All the details (infrastructure, configuration, code) can be found below.

Snippet of my code :

    spark.conf.set("spark.sql.shuffle.partitions", 4158)

    val uh = uh_months
      .withColumn("UHDIN", datediff(to_date(unix_timestamp(col("UHDIN_YYYYMMDD"), "yyyyMMdd").cast(TimestampType)),
        to_date(unix_timestamp(col("january"), "yyyy-MM-dd").cast(TimestampType))))
"ddMMMyyyy")).cast(TimestampType)))
      .withColumn("DVA_1", date_format(col("DVA"), "dd/MM/yyyy"))
      .drop("UHDIN_YYYYMMDD")
      .drop("january")
      .drop("DVA")
      .persist()

    val uh_flag_comment = new TransactionType().transform(uh)
    uh.unpersist()

    val uh_joined = uh_flag_comment.join(broadcast(smallDF), "NO_NUM")
      .select(
        uh.col("*"),
        smallDF.col("PSP"),
        smallDF.col("minrel"),
        smallDF.col("Label"),
        smallDF.col("StartDate"))
      .withColumnRenamed("DVA_1", "DVA")

    smallDF.unpersist()

    val uh_to_be_sorted = uh_joined.repartition(4158, col("PSP"))
    val uh_final = uh_joined.sortWithinPartitions(col("NO_NUM"), col("UHDIN"), col("HOURMV"))

    uh_final

EDITED - Repartition logic

    val sqlContext = spark.sqlContext
    sqlContext.udf.register("randomUDF", (partitionCount: Int) => {
      val r = new scala.util.Random
      r.nextInt(partitionCount)
      // Also tried with r.nextInt(partitionCount) + col("PSP")
    })

    val uh_to_be_sorted = uh_joined
        .withColumn("tmp", callUDF("RandomUDF", lit("4158"))
        .repartition(4158, col("tmp"))
        .drop(col("tmp"))
    val uh_final = uh_to_be_sorted.sortWithinPartitions(col("NO_NUM"), col("UHDIN"), col("HOURMV"))

    uh_final

smallDF is a small dataset (535MB) that I broadcast.

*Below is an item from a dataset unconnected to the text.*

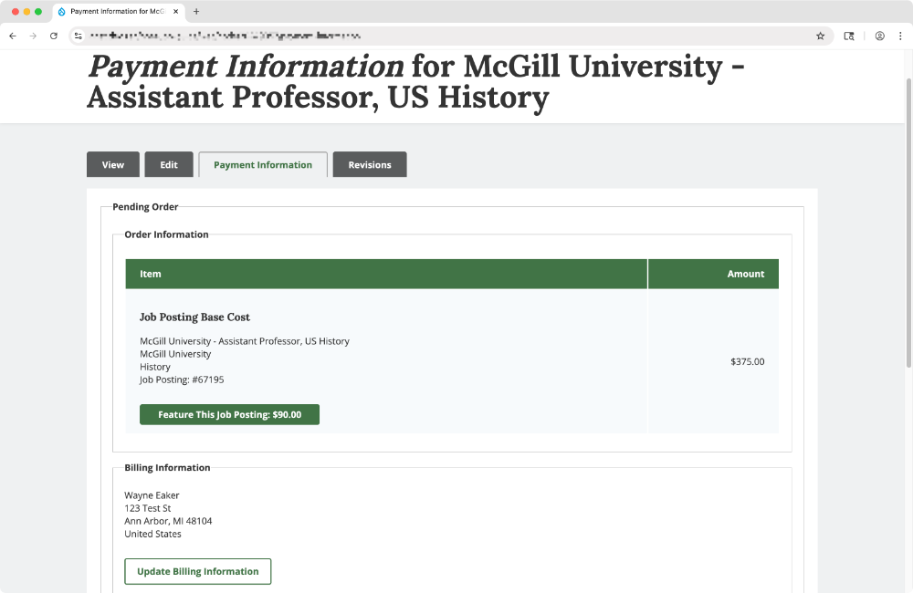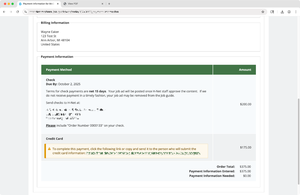 After submitting their order, job posters get a custom invoice with instructions based on their payment methods. Credit card payments can be completed online, using Drupal Commerce's checkout workflow.

TransactionType is a class where I add a new column of string elements to my uh dataframe based on the value of 3 columns (MMED, DEBCRED, NMTGP), checking the values of those columns using regex.

I previously faced a lot of issues (job failing) because of shuffle blocks that were not found. I discovered that I was spilling to disk and had a lot of GC memory issues so I increased the "spark.sql.shuffle.partitions" to 4158.

WHY 4158 ?

Partition_count = (stage input data) / (target size of your partition)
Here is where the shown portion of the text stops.